◆ **Task instructions**:
If pictures appear among the lines below, leave them out while you return exactly the lines from the one with "Анальная пробка с" through the one with "단순히 기기를 사용하는".

◆ **Given entries**:
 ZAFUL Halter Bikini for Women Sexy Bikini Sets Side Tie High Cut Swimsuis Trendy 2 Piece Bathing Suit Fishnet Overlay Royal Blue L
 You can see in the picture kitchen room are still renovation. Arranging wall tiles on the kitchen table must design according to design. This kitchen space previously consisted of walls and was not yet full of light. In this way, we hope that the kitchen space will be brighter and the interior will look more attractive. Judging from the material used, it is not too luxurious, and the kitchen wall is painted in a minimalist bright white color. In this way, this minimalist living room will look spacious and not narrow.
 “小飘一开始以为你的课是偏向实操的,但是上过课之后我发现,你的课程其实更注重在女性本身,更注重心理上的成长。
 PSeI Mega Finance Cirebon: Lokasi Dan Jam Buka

...

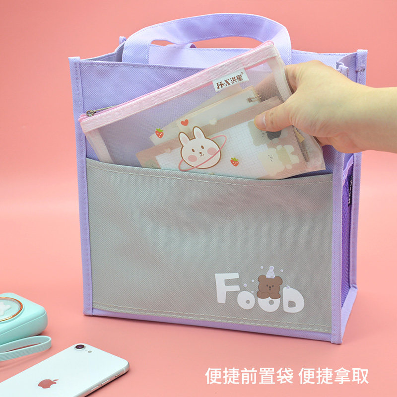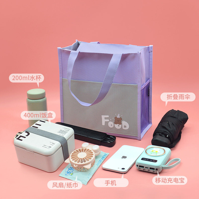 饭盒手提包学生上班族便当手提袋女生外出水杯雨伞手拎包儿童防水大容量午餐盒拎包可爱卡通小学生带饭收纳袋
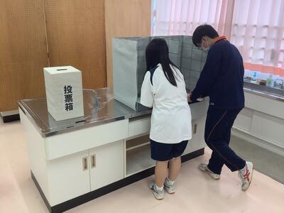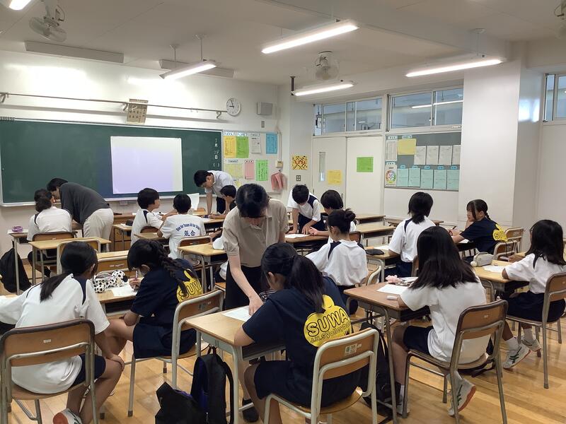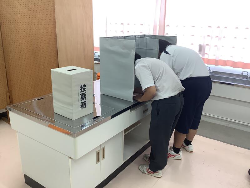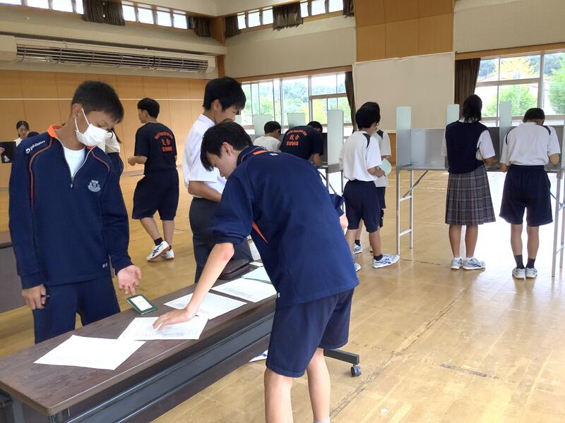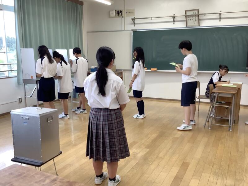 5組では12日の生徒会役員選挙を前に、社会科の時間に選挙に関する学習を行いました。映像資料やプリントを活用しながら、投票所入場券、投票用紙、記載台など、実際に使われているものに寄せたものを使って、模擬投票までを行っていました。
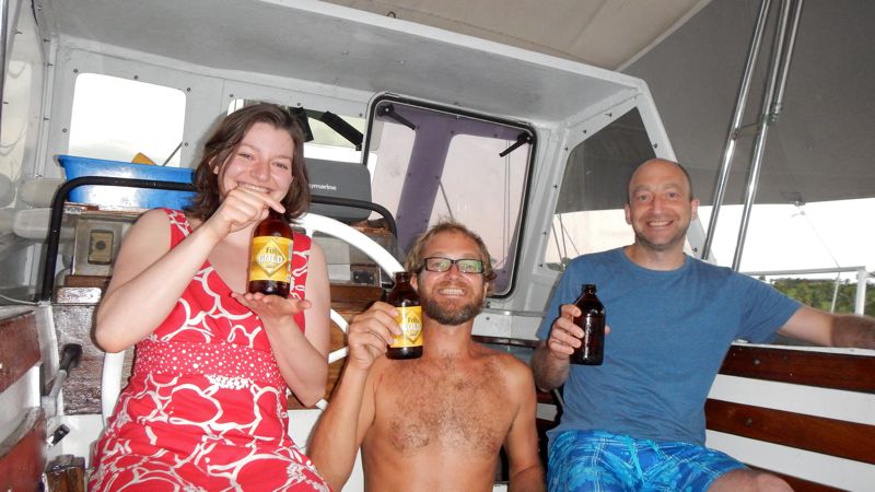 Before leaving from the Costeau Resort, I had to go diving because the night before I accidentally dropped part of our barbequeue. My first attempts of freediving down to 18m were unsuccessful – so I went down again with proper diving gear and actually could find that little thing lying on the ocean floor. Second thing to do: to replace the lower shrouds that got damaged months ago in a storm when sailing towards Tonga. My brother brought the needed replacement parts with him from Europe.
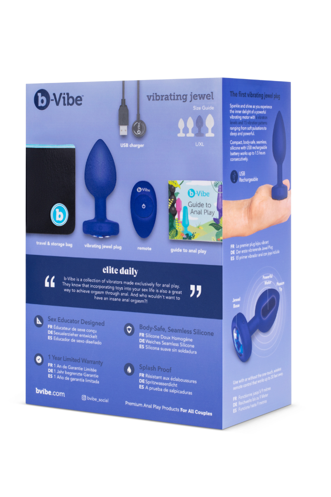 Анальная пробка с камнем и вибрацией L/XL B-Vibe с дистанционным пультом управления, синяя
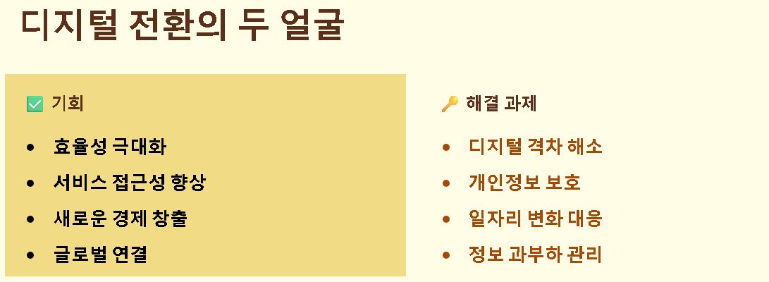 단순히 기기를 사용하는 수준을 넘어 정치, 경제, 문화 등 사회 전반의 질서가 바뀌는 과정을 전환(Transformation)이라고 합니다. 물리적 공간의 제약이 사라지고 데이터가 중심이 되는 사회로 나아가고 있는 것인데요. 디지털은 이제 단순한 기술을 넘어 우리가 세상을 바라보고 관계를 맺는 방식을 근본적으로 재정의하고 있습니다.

---

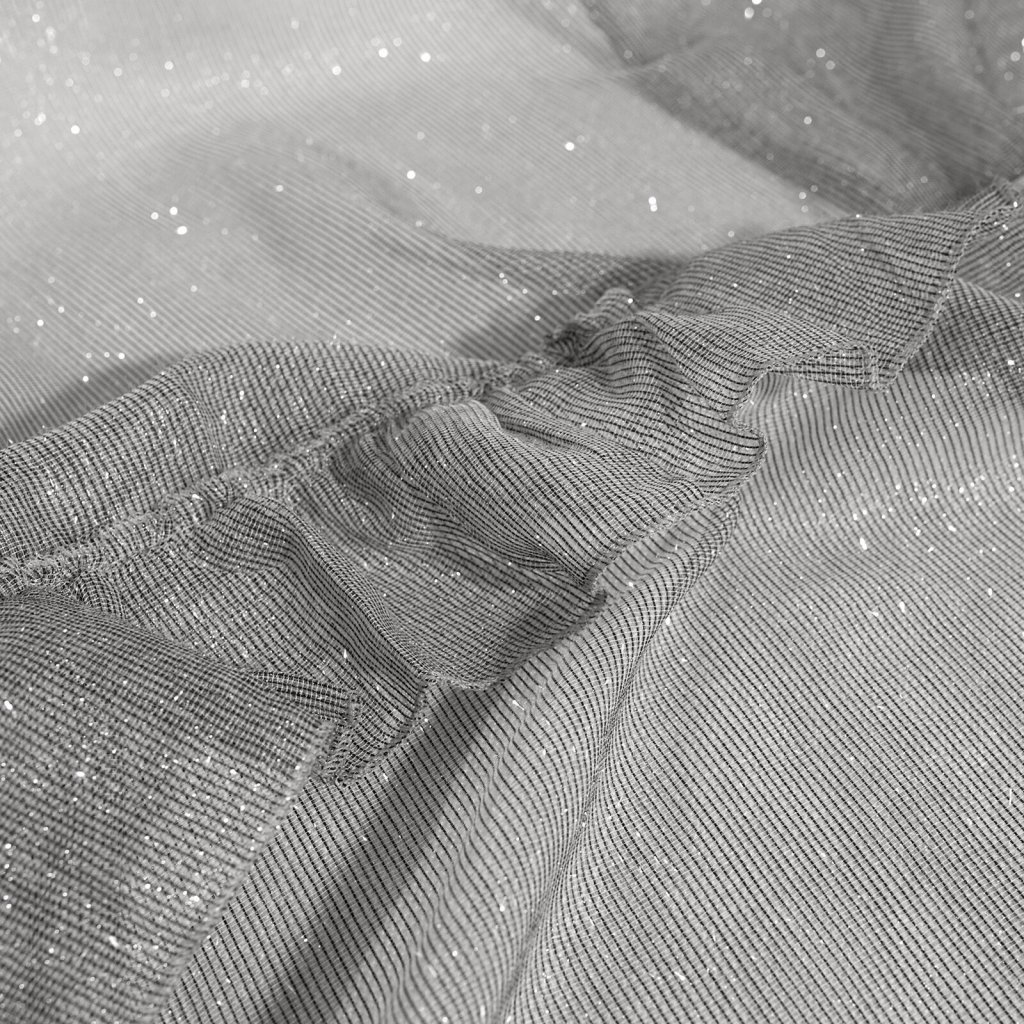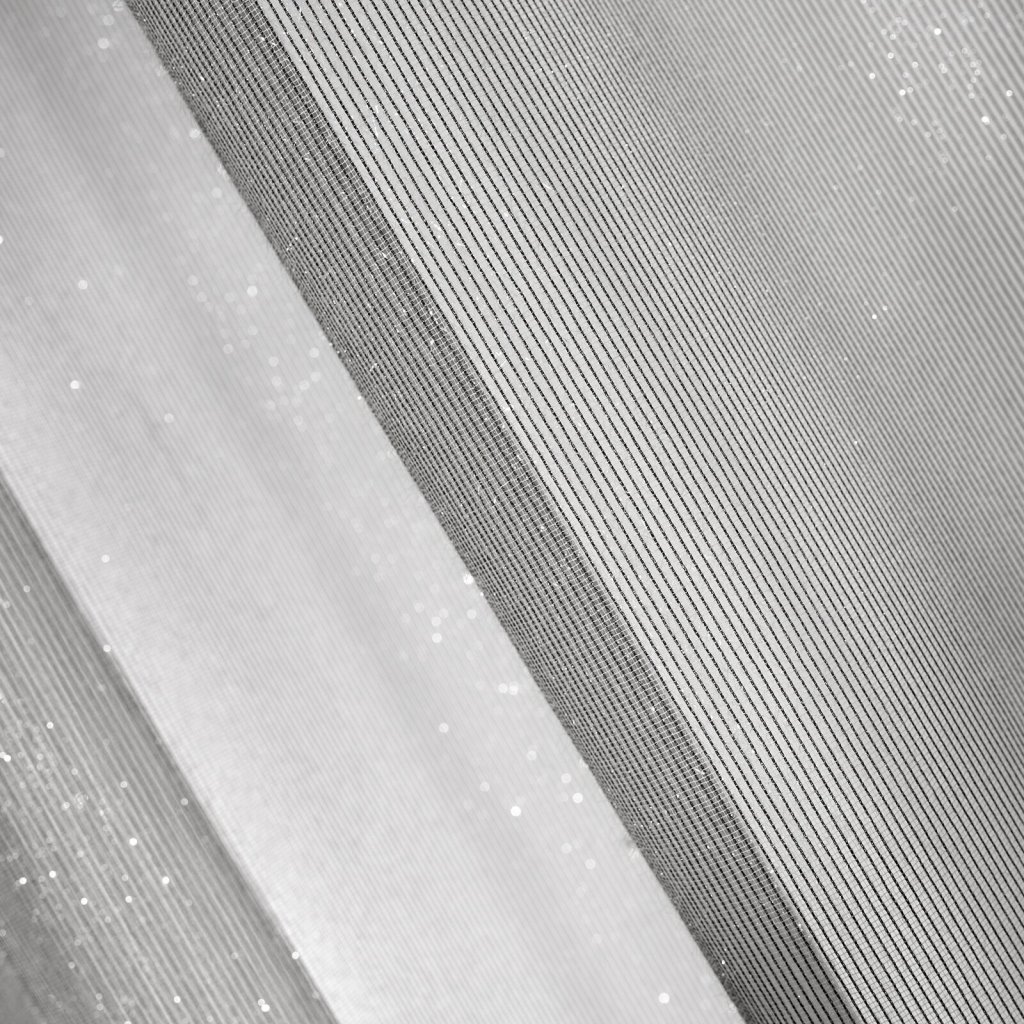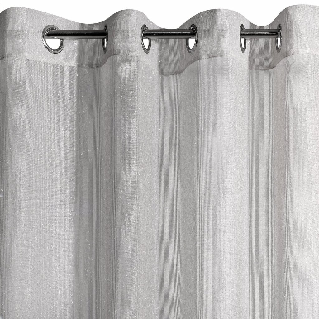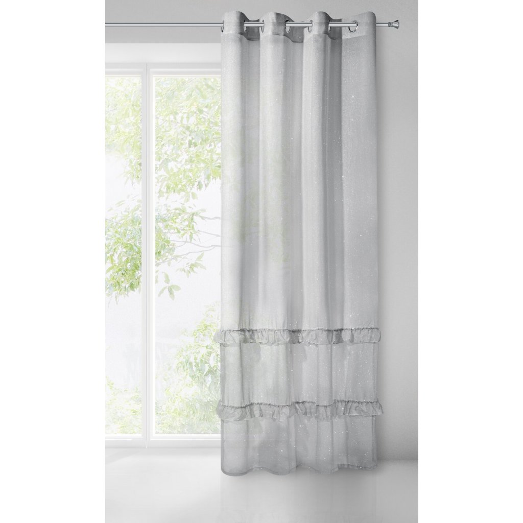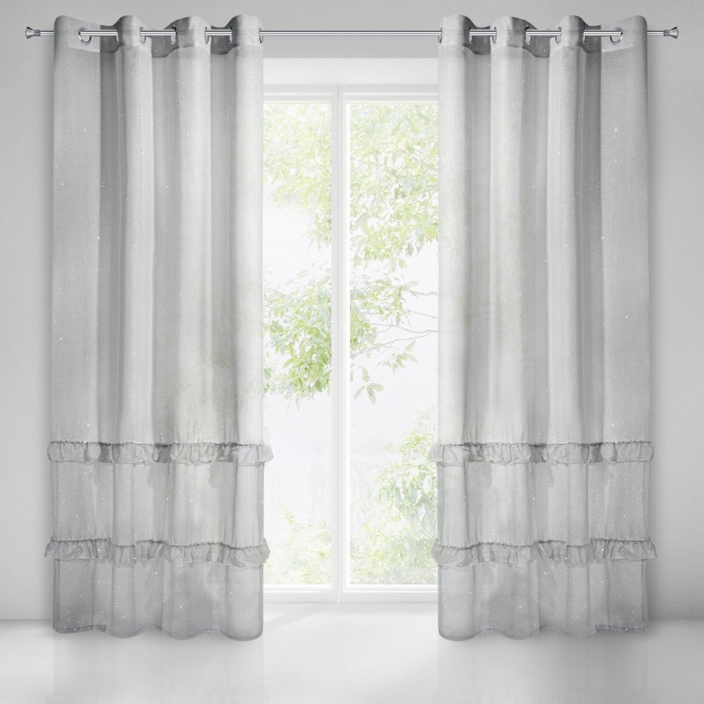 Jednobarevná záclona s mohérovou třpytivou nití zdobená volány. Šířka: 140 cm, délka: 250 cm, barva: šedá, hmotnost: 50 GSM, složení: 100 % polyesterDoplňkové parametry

◆ **Task output**:
 Анальная пробка с камнем и вибрацией L/XL B-Vibe с дистанционным пультом управления, синяя
 단순히 기기를 사용하는 수준을 넘어 정치, 경제, 문화 등 사회 전반의 질서가 바뀌는 과정을 전환(Transformation)이라고 합니다. 물리적 공간의 제약이 사라지고 데이터가 중심이 되는 사회로 나아가고 있는 것인데요. 디지털은 이제 단순한 기술을 넘어 우리가 세상을 바라보고 관계를 맺는 방식을 근본적으로 재정의하고 있습니다.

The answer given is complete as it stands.